The dryad tilted her head. “Home,” she repeated. “Rather, it is me.”

She appeared wary, had a frown on her eyebrows, and her eyes flickered between her ‘guests’, less with hostility than what seemed like apprehension and confusion.

“I’m Dema,” Dema said cheerfully. “And this little rabbit there,” — she pointed at Theora — “Is Bun Bun. I felt your aura and it made me sad so I thought I’d check it out!”

It made her sad?

“I don’t mind you ‘checking me out,’” the dryad said. “My name is Treeka.”

Somehow, Dema, a demon who had named her isopod daughter ‘Iso’, had the audacity to laugh.

Treeka shrugged. “The mage who planted and named me was an uninspired person.”

Theora still felt like an intruder and kind of just wanted to go away, but neither Treeka’s nor Dema’s behaviour was leaving her with a convenient out. In fact, some flowers in the distance were changing colours — a thick red ring was forming on the edge of the meadow, enclosing them like a wall. And the surrounding trees looked denser now.

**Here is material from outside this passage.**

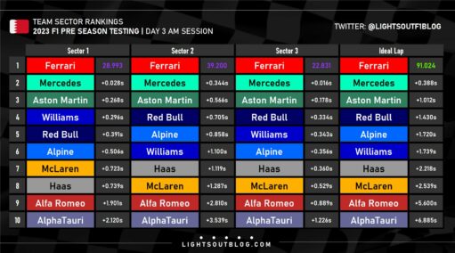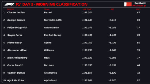 Δεν είναι γνωστό αν ο Lance Stroll θα συμμετάσχει στο GP Μπαχρέιν. Θα επισκεφθεί τον προσομοιωτή της Aston Martin για να διαπιστωθεί αν έχει αναρρώσει πλήρως και αναφέρεται ότι επισκέφθηκε τον παγκοσμίου φήμης Ισπανό ορθοπεδικό χειρούργο Xavier Mir, ο οποίος έχει ασχοληθεί και με αναβάτες του MotoGP. Ο Felipe Drugovich σημείωσε σήμερα τον 3ο χρόνο.
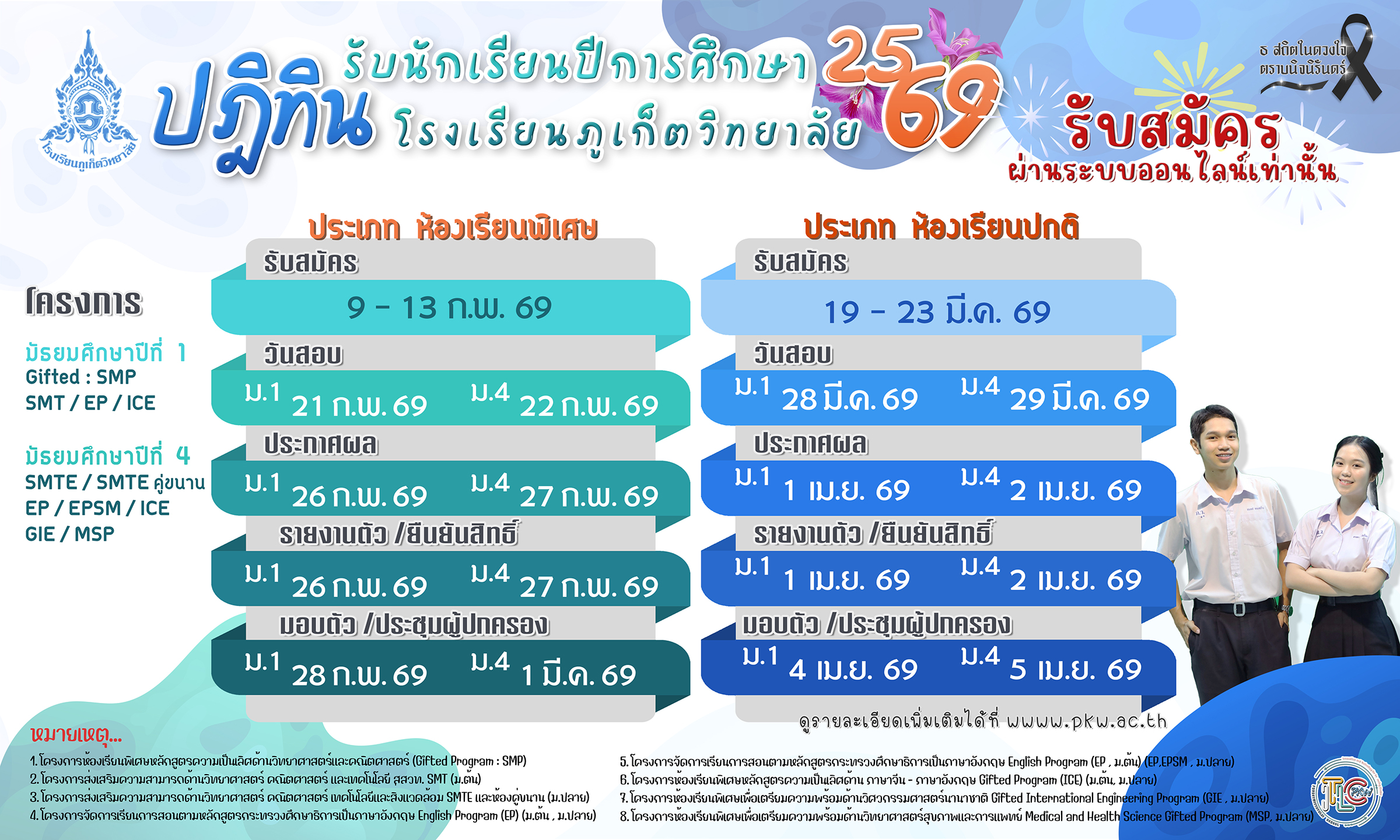 ปฎิทินรับนักเรียนปีการศึกษา 2569 โรงเรียนภูเก็ตวิทยาลัย

“You seem uncomfortable,” Treeka pointed out, staring at Theora. “You look like you’ve been crying.”

Theora winced just enough for it to be noticeable.

“Oh,” Dema said. “Don’t remind her. She only just stopped.”

That wasn’t entirely accurate; Theora had stopped crying a while ago, but now she remembered the reason and was about to start again.

“What happened?” the dryad asked, seemingly uninterested in sparing Theora’s feelings.

Dema shrugged. “She made a big oopsie and blew up part of the Grand Observatory of Fiction. So they banned her from going back in.”

Treeka tilted her head. “That really means absolutely nothing to me.”

“Well, Bun Bun was crying because that means she can’t meet Lossi and Gonell and Fia and Skuld ever again.”

Treeka first shook her head gently, then nodded as if giving up.

Theora wiped her eyes. Her chest suddenly felt tight. “It’s alright,” she lied. “Dema said she can deliver letters from me.”

At these words, Treeka’s canopy suddenly fell much closer to the ground, now hovering almost directly above their heads.

“Yeah!” Dema confirmed, not paying it any mind. “Gonna bring all the letters, big time. And — maybe they’re gonna reconsider. I donated most of my mana to make up for it. I’m sure they’re not gonna be mad forever.”

“I see,” Treeka said. Her exposed heart was beating a lot faster now, but she didn’t show any agitation on the outside. “So you lost access to all of your friends, and then came here to use me as a replacement.”

Dema blinked, eyes wide in surprise. Then, she cracked a smile. “Why, you wanna be our friend?”

“I’m not sure that’s what she meant,” Theora said. “I think we might be annoying her. Perhaps we should leave.”

Treeka let out a thoughtful hum. Her eyes glinted, but her expression remained strained and apprehensive. “I never said anything about wanting you to leave — in fact, let me make it clear.”

She snapped her fingers, and suddenly, the world shifted.